See Detector Identity and Recomputation for why this is needed.

You can pin or constrain the search by adding an autotune: block to a metric YAML. It is fully optional — absent means “tune everything automatically”:

autotune:
enabled: true
detector_types: [mad, zscore] # restrict candidates (subset of mad/zscore/iqr)
scoring_metric: mcc # default optimization target
beta: 1.0 # only used for scoring_metric: f_beta
labels_file: incidents/orders.yml # external labels file, OR inline (below)
# incidents: # inline labels — mutually exclusive with labels_file
# - {start: "2026-05-02 14:00:00", end: "2026-05-02 16:30:00", label: outage}
# - {at: "2026-05-11 09:05:00", label: deploy spike}
# incidents_timezone: UTC # interprets the naive times above (default UTC)
seasonality_candidates: [hour, day_of_week]
fixed_params: {window_size: 4320} # pin hyperparameters (excluded from the search)
folds: 5 # number of walk-forward folds
max_history: 50000 # cap training points

Command-line flags win: --scoring and --incidents override the block’s scoring_metric / labels_file / incidents. See autotuned-metric-example.yml for a worked block, and the reference for every field.
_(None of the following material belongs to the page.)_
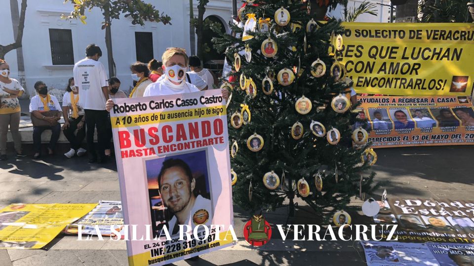 Este jueves 24 de diciembre, las madres del Colectivo Solecito colocaron “el árbol del dolor” en el zócalo de Veracruz en memora de sus familiares desaparecidos.

The quickest view is an HTML report — add --report to the tune:

Terminal window
dtk autotune --select api_error_rate --incidents incidents/api_error_rate.yml --report

It writes a self-contained reports/<name>__tuned_<id>.html charting the winning detector’s values, confidence band, flagged anomalies and the alerts it would fire, with a period selector — no BI or SQL setup, nothing leaves your browser. See Visualizing results for the full picture (and dtk run --select <m> --report for the live config).
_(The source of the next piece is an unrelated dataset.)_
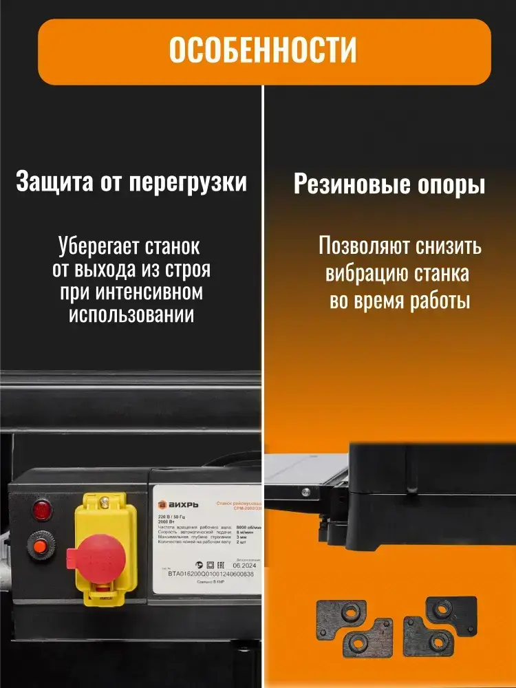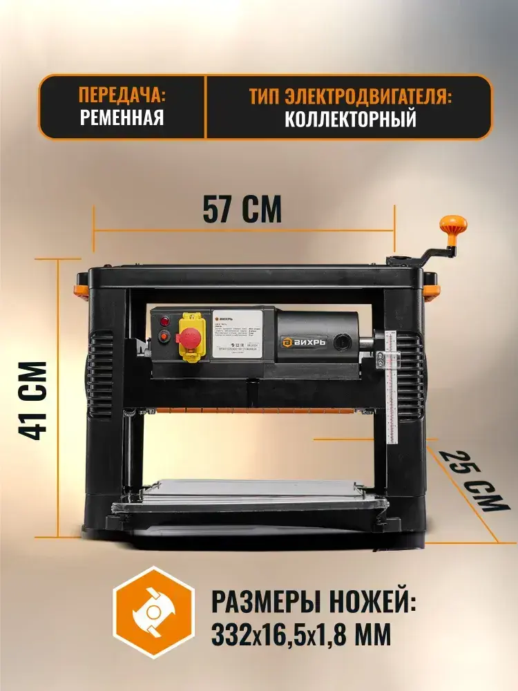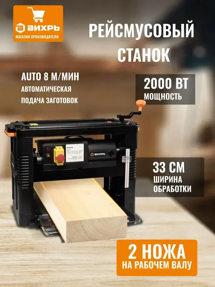 Рейсмусовый станок по дереву Вихрь СРМ-330/2.0 MP, два ножа, скорость 8 м/мин

To query the raw rows instead, join recent datapoints with its detections — value vs confidence_lower / confidence_upper vs is_anomaly vs severity — for the run’s winning detector_id. Get that id from the latest _dtk_autotune_runs row:

SELECT run_id, created_at, mode, scoring_metric, score,
chosen_detector_type, winning_detector_id
FROM <internal>._dtk_autotune_runs -- add FINAL on ClickHouse
WHERE metric_name = 'api_error_rate'
ORDER BY created_at DESC
LIMIT 5

Then chart the winning detector. The query is the same shape on every backend; only JSON extraction and dedup differ:

ClickHouse

SELECT timestamp, value, confidence_lower, confidence_upper, is_anomaly,
JSONExtractFloat(detection_metadata, 'severity') AS severity
FROM <internal>._dtk_detections FINAL
WHERE metric_name = 'api_error_rate'
AND detector_id = '<winning_detector_id>'
AND timestamp >= now() - INTERVAL 7 DAY
ORDER BY timestamp

PostgreSQL

SELECT timestamp, value, confidence_lower, confidence_upper, is_anomaly,
(detection_metadata::jsonb ->> 'severity')::float AS severity
FROM <internal>._dtk_detections
WHERE metric_name = 'api_error_rate'
AND detector_id = '<winning_detector_id>'
AND timestamp >= now() - INTERVAL '7 days'
ORDER BY timestamp

MySQL (8.0+)

SELECT timestamp, value, confidence_lower, confidence_upper, is_anomaly,
JSON_EXTRACT(detection_metadata, '$.severity') AS severity
FROM <internal>._dtk_detections
WHERE metric_name = 'api_error_rate'
AND detector_id = '<winning_detector_id>'
AND timestamp >= NOW() - INTERVAL 7 DAY
ORDER BY timestamp;

For full charting recipes (the value with its confidence band, anomaly markers, severity breakdowns) point any BI tool at these tables — see Visualizing Results.